*** SUPPLIED RECORDS Section Begins ***
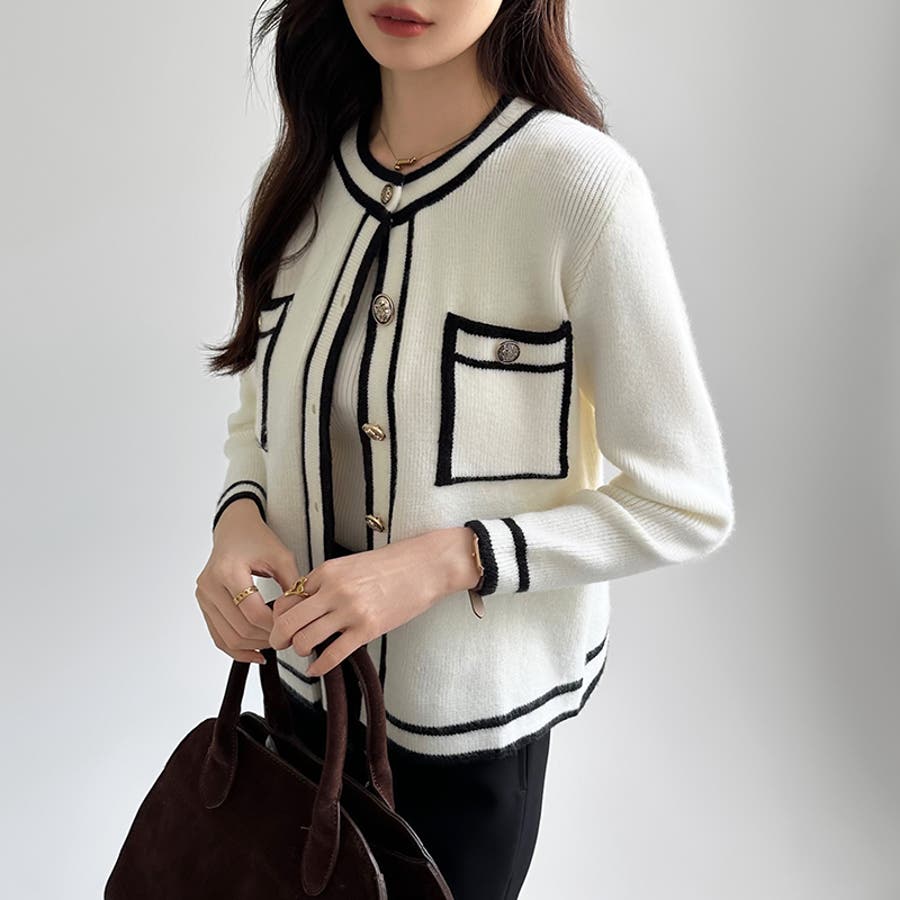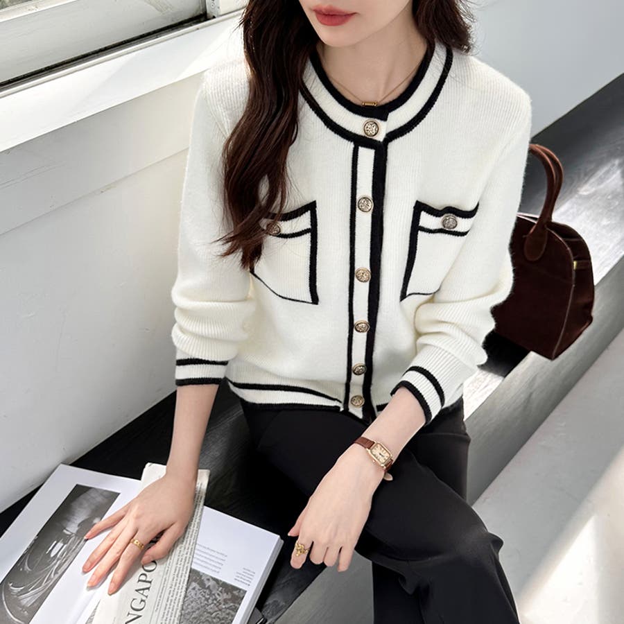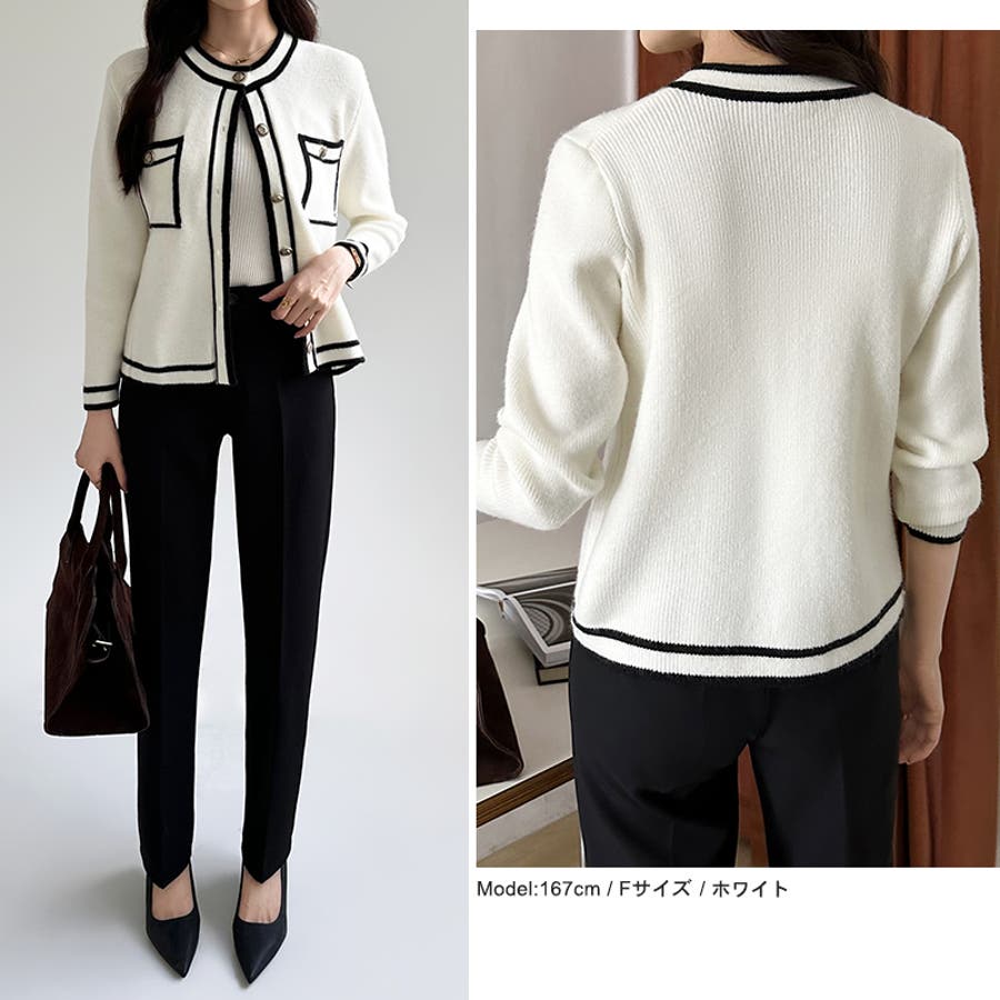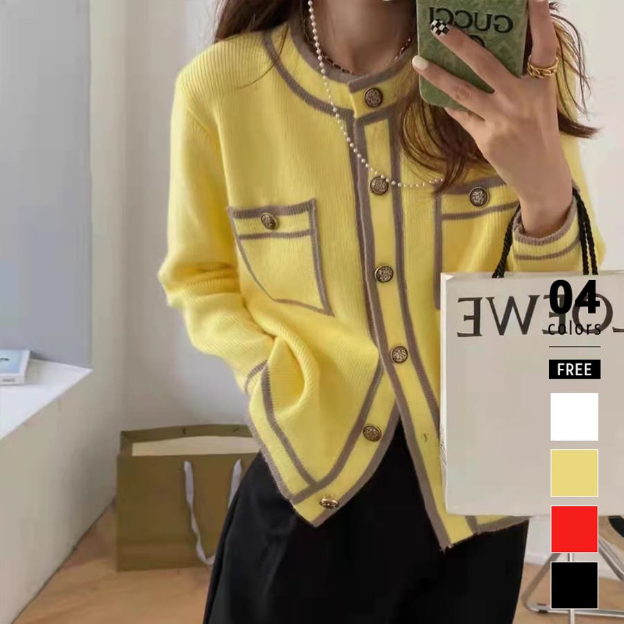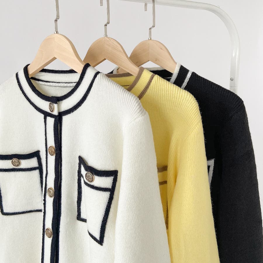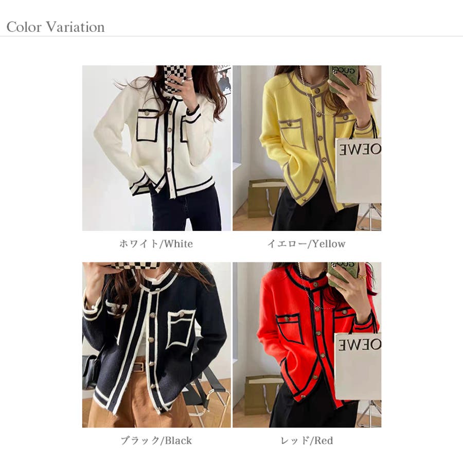 カーディガン レディース ニットカーディガン 配色 配色ニット バイカラー パイピング パイピングニット クロップド クロップド丈 ボタン カーデ 長袖 アウター 羽織り 羽織 羽織もの 上着 ニットカーデ ゆったり 伸縮性 ストレッチ 前開き ニットレディース ノーカラー クルーネック ラウンドネック アクリル 柔らかい やわらかい やわらか ヤク風 チクチクしない ちくちくしない チクチクしにくい ふんわり もちもち 伸縮性 ストレッチ 着回し 重ね着 重ね レイヤード お出かけ おでかけ 旅行 オフィス オフィスカジュアル オフィスカジュアル秋冬 シック レトロ カジュアル フェミニン ガーリー エレガント きれいめ キレイめ きれい 大人 かわいい 可愛い 大人可愛い オトナ女子 おしゃれ オシャレ プチプラ 高見え おすすめ トレンド ママ ママコーデ 母 フリーサイズ ホワイト 白 イエロー 黄色 黄 ブラック 黒 新作 2023aw 2023 2023新作 春物 秋物 春秋 秋冬 春 秋 冬 春服 秋服 冬服 韓国 韓国ファッション 10代 20代 30代 40代 50代 cocomomo ココモモ
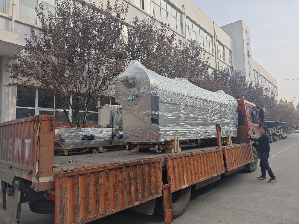 11月23號許昌智工4米電磁流水線裝車發(fā)往山東炒制阿膠珠
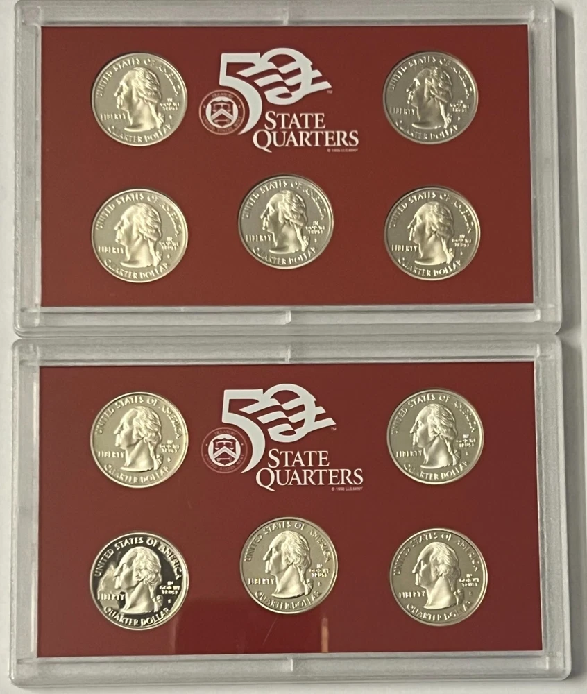 UP FOR SALE IS A SET OF 2 SILVER QUARTER PROOF SETS WITHOUT BOX OR COA. THESE SILVER QUARTER PROOF SETS ARE FROM YEARS 2003 AND 2005. IN OTHER WORDS YOU WILL GET 10 SILVER PROOF COINS. I AM SELLING SEVERAL LOTS SO BUY AS MANY AS YOU LIKE. THE PHOTOS SHOW ONE OF THE ACTUAL LOT. THESE SETS DO NOT HAVE THE ORIGINAL PACKING OR COA. YOU WILL GET THE COINS IN PLATIC CASES AS SHOWN IN THE PHOTOS. LOOK AT MY GREAT FEEDBACK AND BUY WITH CONFIDENCE. BUY ON AS MANY AS YOU WANT. FEEL FREE TO SEND ME A MESSAGE IF YOU HAVE ANY QUESTION. HAPPY BIDDING, GOOD LUCK AND ENJOY YOUR COIN. I WILL COMBINE SHIPPING. Satisfaction Guarantee Please read the description carefully, check out the photos, and ask questions prior to bidding to avoid misunderstandings. I will refund 100% of the price you paid including shipping if I misrepresented the item or sent a different item other then mentioned in the listing. We guarantee this lot to be authentic and as described (see our feedback rating and years of glowing reviews to confirm our status as a trustworthy seller). Shipping We ONLY ship with in USA to your VERIFIED PAYPAL ADDRESS. Please do not ask us to ship to a different address because we cannot do it. Guaranteed Quick Shipping! Normally orders are shipped SAME DAY of payment unless we have an unusually heavy order load (we are closed Saturday and Sunday). We ship via USPS First Class Mail, Priority Mail or sometimes FedEx Ground, depending on weight and the type of item being shipped. Returns We want you to be happy with your purchase. I will refund 100% of the price you paid including shipping if I misrepresented the item or sent a different item other then mentioned in the listing. Payment Please make payment within 3 days of invoice. We ONLY accept PayPal for payment. We do not accept any other form of payment when making your purchase on eBay. 5 Star Feedback Please post 5 STAR feedback after the transaction is completed. If for any reason you do not feel you received 5 star service, please contact us so we can try and resolve the issue and achieve the 5 star standard which we strive for. Positive feedback is reciprocated. I ONLY SELL AUTHENTIC COINS.
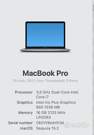 MACBOOK PRO 13` 3.5GHZ / 16GB RAM / 1TB disco SSD / IRIS+ GRAPHICS 650 GRIGIO SIDERALE acquistato nuovo ottobre 2018
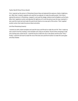 The first document describes editing a band photo in Photoshop by adjusting exposure, adding a vignette, changing hue, cropping, brightening faces, applying and adjusting an action, masking part of the action, and converting to black and white. The second document summarizes making an insect unit plan photo in Photoshop by using tools to create an ant hill, making a custom brush from an online ant photo, using the brush to add ants and text, and adding outer glow and drop shadow effects to the text.
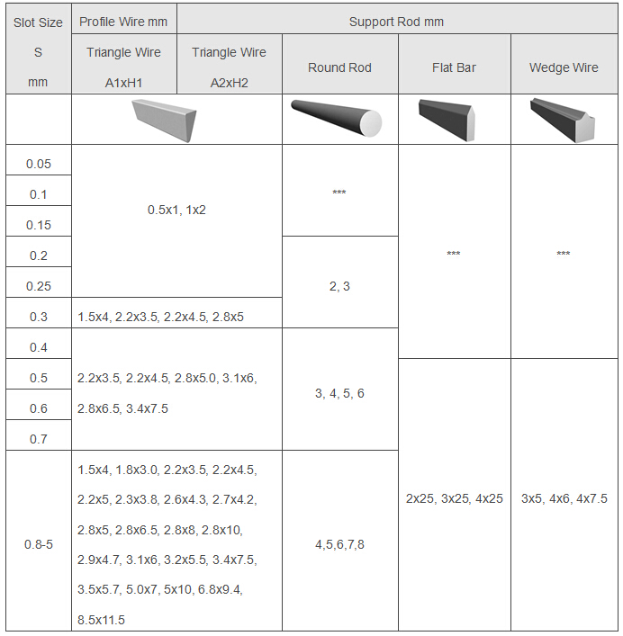 Support Rod: Triangle wire is common type. It can also be round rod, flat bar, wedge wire.
*** SUPPLIED RECORDS Section Ends ***
▶ REQUIREMENT
May I have only the lines from the start of the data through the line containing "11月23號許昌智工4米電磁流水線裝車發(fā)往山東炒制阿膠珠", both included, reproduced exactly and without the pictures?

▶ OUTPUT FOR THIS EXERCISE
 カーディガン レディース ニットカーディガン 配色 配色ニット バイカラー パイピング パイピングニット クロップド クロップド丈 ボタン カーデ 長袖 アウター 羽織り 羽織 羽織もの 上着 ニットカーデ ゆったり 伸縮性 ストレッチ 前開き ニットレディース ノーカラー クルーネック ラウンドネック アクリル 柔らかい やわらかい やわらか ヤク風 チクチクしない ちくちくしない チクチクしにくい ふんわり もちもち 伸縮性 ストレッチ 着回し 重ね着 重ね レイヤード お出かけ おでかけ 旅行 オフィス オフィスカジュアル オフィスカジュアル秋冬 シック レトロ カジュアル フェミニン ガーリー エレガント きれいめ キレイめ きれい 大人 かわいい 可愛い 大人可愛い オトナ女子 おしゃれ オシャレ プチプラ 高見え おすすめ トレンド ママ ママコーデ 母 フリーサイズ ホワイト 白 イエロー 黄色 黄 ブラック 黒 新作 2023aw 2023 2023新作 春物 秋物 春秋 秋冬 春 秋 冬 春服 秋服 冬服 韓国 韓国ファッション 10代 20代 30代 40代 50代 cocomomo ココモモ
 11月23號許昌智工4米電磁流水線裝車發(fā)往山東炒制阿膠珠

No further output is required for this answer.